We followed the procedure described above for analyzing the control diagrams, using the timing data from CogSketch to analyze the order in which participants sketched the causal events. We again included only the sketches that contained at least two causal events for a given diagram, leaving us with useable data from 100 % of the geoscience student sketches and 79 % of the novice sketches. As shown in Table 3, none of the similarity comparisons reached statistical significance, Kendall’s Ws < 0.58, ps > .05. Thus, in contrast to the finding for the geoscience diagrams, we saw no evidence that either group followed causal order when sketching the control diagrams.

Discussion

These findings again bear out the prediction that geoscience expertise would be reflected in participants’ sketches of geoscience materials. As in experiment 1, geoscience students included more relational content in their sketches of geoscience-related causal diagrams. Additional analyses suggest that this difference was due to increased use of both relational labels and relational symbols, such as arrows indicating movement or causality, by the geoscience students. The difference was found only for geoscience diagrams. For causal diagrams from other fields, there was no significant difference in the amount of relational information included by the two groups. This is consistent with the idea that the differences in geoscience sketching stem from greater domain knowledge on the part of the geoscience students. Further evidence for the role of domain knowledge comes from the finding that participants’ self-ratings of knowledge of the systems and processes in the geoscience diagrams correlated with their sketching performance. However, unlike our finding for sketches of geological formations (experiment 2), knowledge ratings for individual geoscience diagrams were not a significant predictor.

Geoscience students also differed from novices in terms of how they sketched, and again, this difference was specific to geoscience materials. Geoscience students sketched causal events in the geoscience diagrams in an order consistent with the causal order identified by an expert. Novices, when they did sketch causal events from the geoscience diagrams, did not order them in terms of their causal sequence. Likewise, neither geoscience students nor novices tended to draw the causal events from the control diagrams in sequence. Again, this suggests an effect of domain-specific knowledge.

General Discussion

These studies show that people’s sketching patterns can reveal differences in their understanding of geoscience. When sketching photographs of geological formations, geoscience students were more likely than novices to include spatial structures that reflected geologic activity, such as faults and folds. When sketching diagrams of geologic processes, geoscience students included more relational information in their sketches, and often drew causal events in sequential order. Strikingly, these effects of domain knowledge occurred despite the fact that the task was simply to copy the photograph or diagram. Our participants could view the photos and diagrams for the entire time that they sketched; yet there were still sizable differences in what and how they sketched.

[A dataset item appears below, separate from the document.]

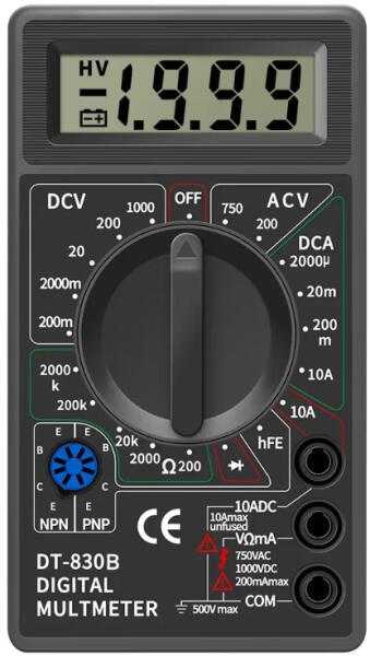 Digitális multiméter – DT-830B Ez a DT-830B típusú digitális multiméter egy praktikus, egyszerűen használható és megfizethető eszköz , amely nélkülözhetetlen minden villamossági munkát végző szakember, hobbi barkácsoló vagy háztartási karbantartó számára. A készülék ideális DC és AC feszültség , egyenáram , ellenállás , dióda , tranzisztor (hFE), kapacitás , valamint folytonosság vizsgálatára. Ezen felül beépített hangjelzés és elemteszt funkció is található benne, továbbá támogatja a hőmérséklet mérését K-típusú hőelemmel A nagy méretű, jól olvasható digitális kijelző 1999-es maximális értéket képes megjeleníteni, és alacsony elemfeszültség kijelzés is segíti a használatot. Kis mérete miatt könnyen szállítható, mindig kéznél lehet. Főbb jellemzők:
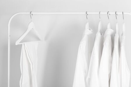 white medical doctor or physician lab coats with pink pants hanging on clothes mobile gray hangers with wheels, on white background. copy space, selected focus. vertical picture.

We also asked whether these group differences could have stemmed from some general skill or knowledge that the geoscience students possessed, rather than from greater domain understanding. The pattern of evidence suggests that the effects were due largely to domain-specific knowledge. For both photographs and causal diagrams, the differences between geoscience students and novices in what was sketched, and in the order in which it was sketched, held only for geoscience materials, not for control materials. Further, these patterns aligned with participants’ self-ratings of knowledge for the content of the images. Of course, it is possible that effects of general knowledge or skill will emerge in studies involving different sketching tasks and materials. Further research is needed to address this issue, and to explicitly test the influence of general skills—such as spatial thinking and visualization—that have been associated with attainment in science (Black 2005; Kali, and Orion 1996; Kastens et al. 2009; Shea et al. 2001; Uttal and Cohen 2012; Wai et al. 2009).

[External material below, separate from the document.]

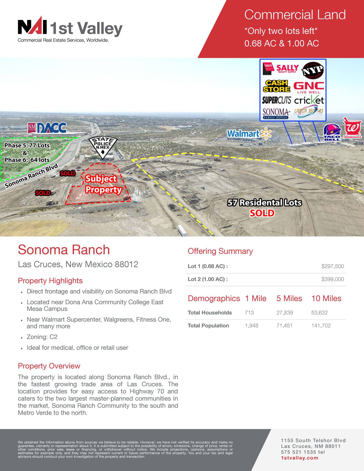 The property is situated along Sonoma Ranch Blvd. in the fastest-growing trade area of Las Cruces. Its location facilitates convenient access to Highway 70 and serves the Sonoma Ranch Community to the south and Metro Verde to the north.
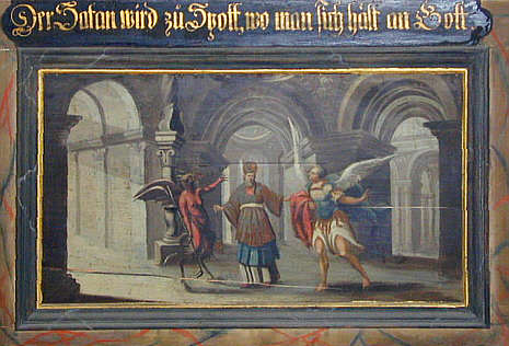 Bildfelder mit gereimten Lehrsprüchen: Der Satan wird zu Spott / wo man sich hält an Gott

Effects of Conceptual Knowledge on Sketching

Our results suggest that the geoscience students relied on conceptual knowledge even when simply copying photographs of geological formations. Their construals were not solely based on the visual information present; they were influenced by participants’ mental models, including knowledge of the forces that could produce a given structure (Forbus 2011; Gentner and Stevens 1983; Hay et al. 2013; Tversky 1991). This is underscored by the finding that geoscience students often added arrows depicting the direction of forces to their sketches of geological formations. Expertise-related exaggerations in spatial depiction have also been found in other arenas. For example, Landy and Goldstone (2007) found that when knowledgeable students copy math equations, they tend to group the elements of operations that must be done earlier in the equation more closely in space. Likewise, acquired categorical knowledge can lead to underestimating distances between same-category items (Holden et al. 2010; Tversky 1981; Uttal et al. 2010). Knowledge of forces and causal relations might lead to similar distortions in sketches of scientific phenomena. For example, understanding of the forces that caused displacement may lead the sketcher to exaggerate this displacement in the direction of the forces. Such findings would shed further light onto the ways that learning affects the organization of domain knowledge (Forbus 2011).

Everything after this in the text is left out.